Elucidation of the cell-specific regulation of the novel human tumor gene NOT
Date issued
Authors
Editors
Journal Title
Journal ISSN
Volume Title
Publisher
License
Abstract
The human NOT gene is the homologue of the l(2)not gene from Drosophil and suggested to be relevant for diverse cellular processes including tumorous growth and N-glycosylation. This PhD thesis provides the first insight into the cell-specific mechanisms controlling the expression of the NOT gene. The first part focuses on the identification and characterization of NOT splice variants. This analysis revealed the existence of 17 NOT transcripts which, depending on the alternative first exon, can be separated into two groups.

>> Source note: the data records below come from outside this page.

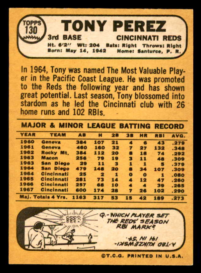 1968 Topps Baseball #130 Tony Perez Reds EX-MT 541027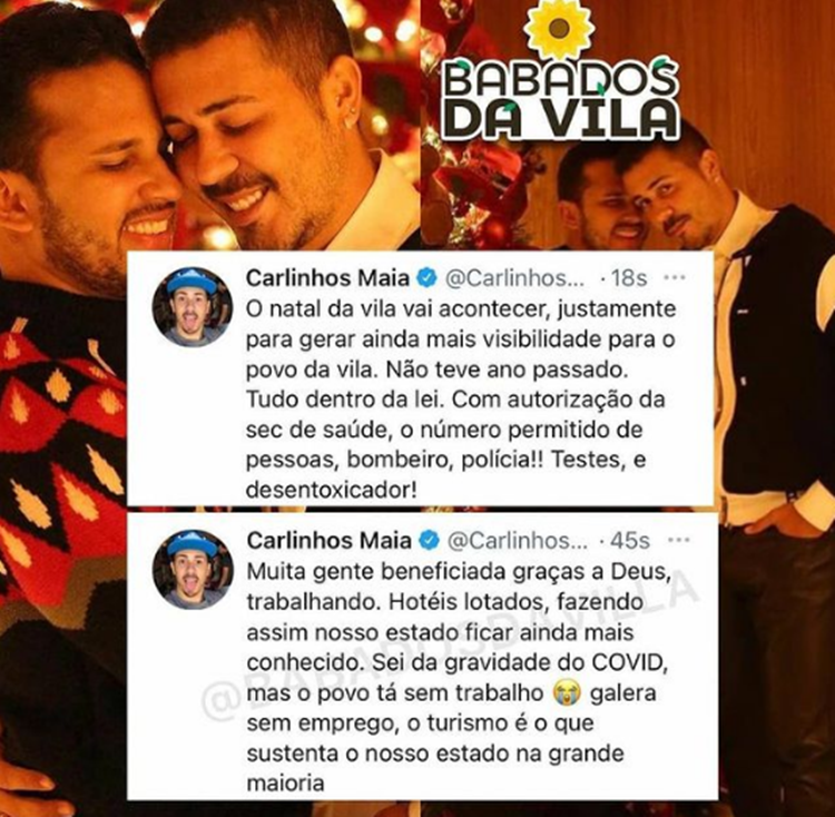 uma das publicações, Carlinhos Maia declarou que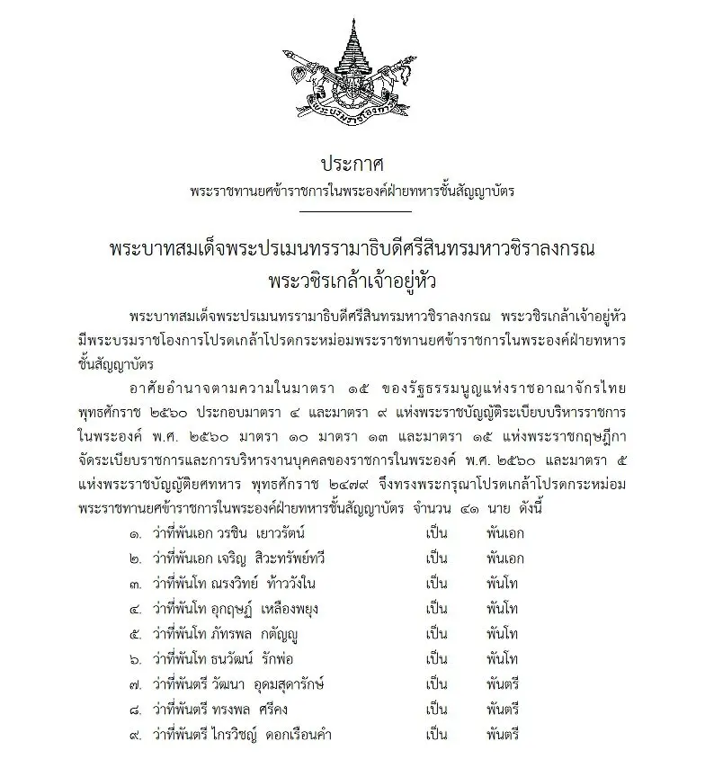 อาศัยอำนาจตามความในมาตรา 15 ของรัฐธรรมนูญแห่งราชอาณาจักรไทย พุทธศักราช 2560 ประกอบมาตรา 4 และมาตรา 9 แห่งพระราชบัญญัติระเบียบบริหารราชการ ในพระองค์ พ.ศ.2560 มาตรา 10 มาตรา 13 และมาตรา 15 แห่งพระราชกฤษฎีกา จัดระเบียบราชการและการบริหารงานบุคคลของราชการในพระองค์ พ.ศ.2560 และมาตรา 5 แห่งพระราชบัญญัติยศทหาร พุทธศักราช 2479 จึงทรงพระกรุณาโปรดเกล้าโปรดกระหม่อม พระราชทานยศข้าราชการในพระองค์ฝ่ายทหารชั้นสัญญาบัตร จำนวน 41 นาย

The transcripts NOT-1 and NOT-4 are translated. Most of the other NOT isoforms harbor premature stop codons and are degraded by the nonsense-mediated mRNA decay (NMD) pathway. The discovery of two different transcription start sites suggests the existence of two different NOT promoters that regulate the transcription of two pre-mRNAs from which all other isoforms are generated via alternative splicing.

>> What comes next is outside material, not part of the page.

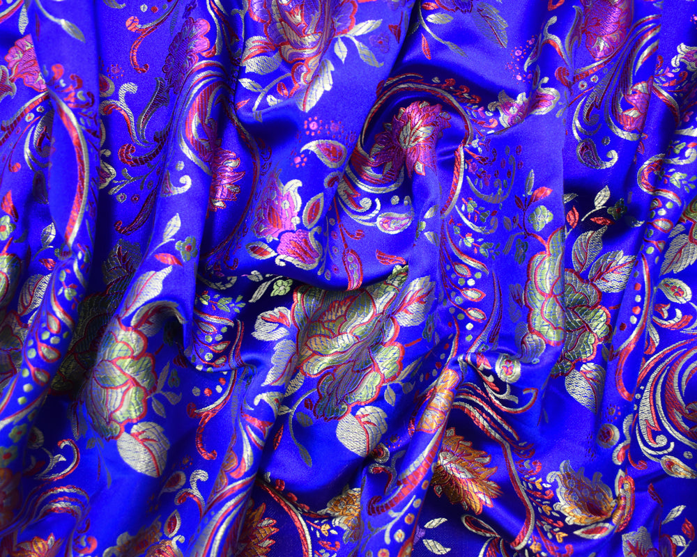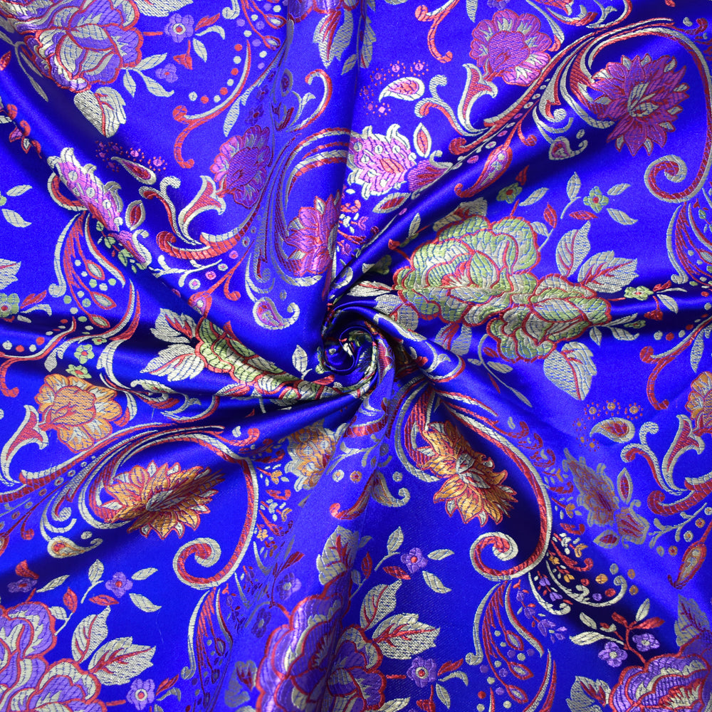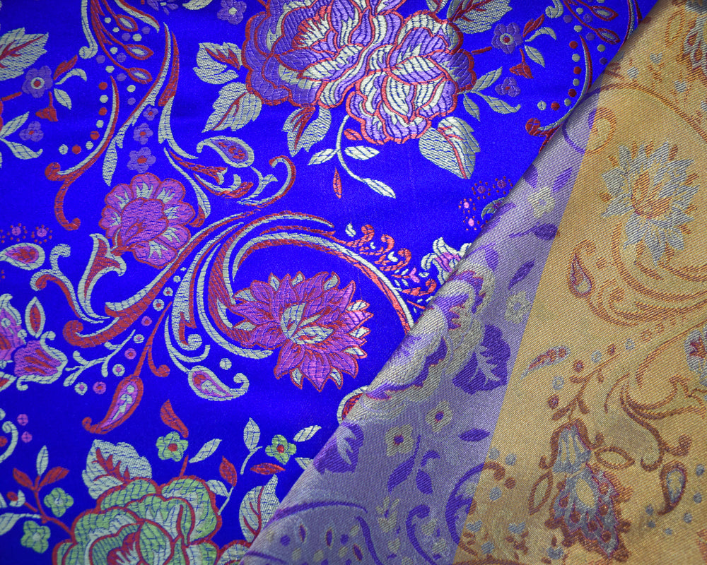 Blue-Yellow-Multi Polyester Floral Vine Chinese Brocade Woven Fabric

The second part describes the identification of transcription factor binding sites within a putative 1.15kb NOT promoter region. Bioinformatics tools predicted 7 potential binding sites for the transcription factor EGR-1, 22 for NFκB, 16 for CREB, and 10 for MYCN. From these putative sites one EGR-1-binding site (nts 330-312), two MYCN-binding sites (nts 184-173 and 80-69), one CREB3-binding site (nts 217-206), and six NFκB binding sites (nts 973-951, 789-776, 768-755, 638-624, 339-330, and 223-214) were confirmed in vitro using the yeast one-hybrid, EMSA, ELISA, and affinity chromatography techniques. In vivo-binding analysis using chromatin immunoprecipitation (ChIP) showed cell-specific occupancy of the EGR-1 and MYCN binding elements, whereas CREB3 and NFκB bind in all investigated cell lines. In the case of NFκB, the number of occupied sites as well as the composition and phosphorylation of the bound NFκB dimers varies between cells. The ChIP results also showed that all NFκB signals are accompanied by signals of its cofactor RPS3. In accordance with previous results obtained in our laboratory, the data presented here substantiates the DNA binding of RPS3. Furthermore, the paralogue histone acetyltransferases CBP and p300, which are described as transcriptional coactivators of NFκB and EGR-1, are bound in all investigated cell lines. The impact of the detected protein-DNA interactions on NOT expression was assessed using RNAi (for EGR-1 and NFκB), pharmacological activation or inhibition of the respective transcription factor (TNFα and Parthenolide for NFκB, BFA for CREB3), or overexpression (CREB3). Comparative studies in murine cell lines identified homologues of the human splice variants and showed that the promoter architecture is identical. Moreover, the murine NOT gene is also regulated by NFκB, CREB3, CBP, p300, and RPS3.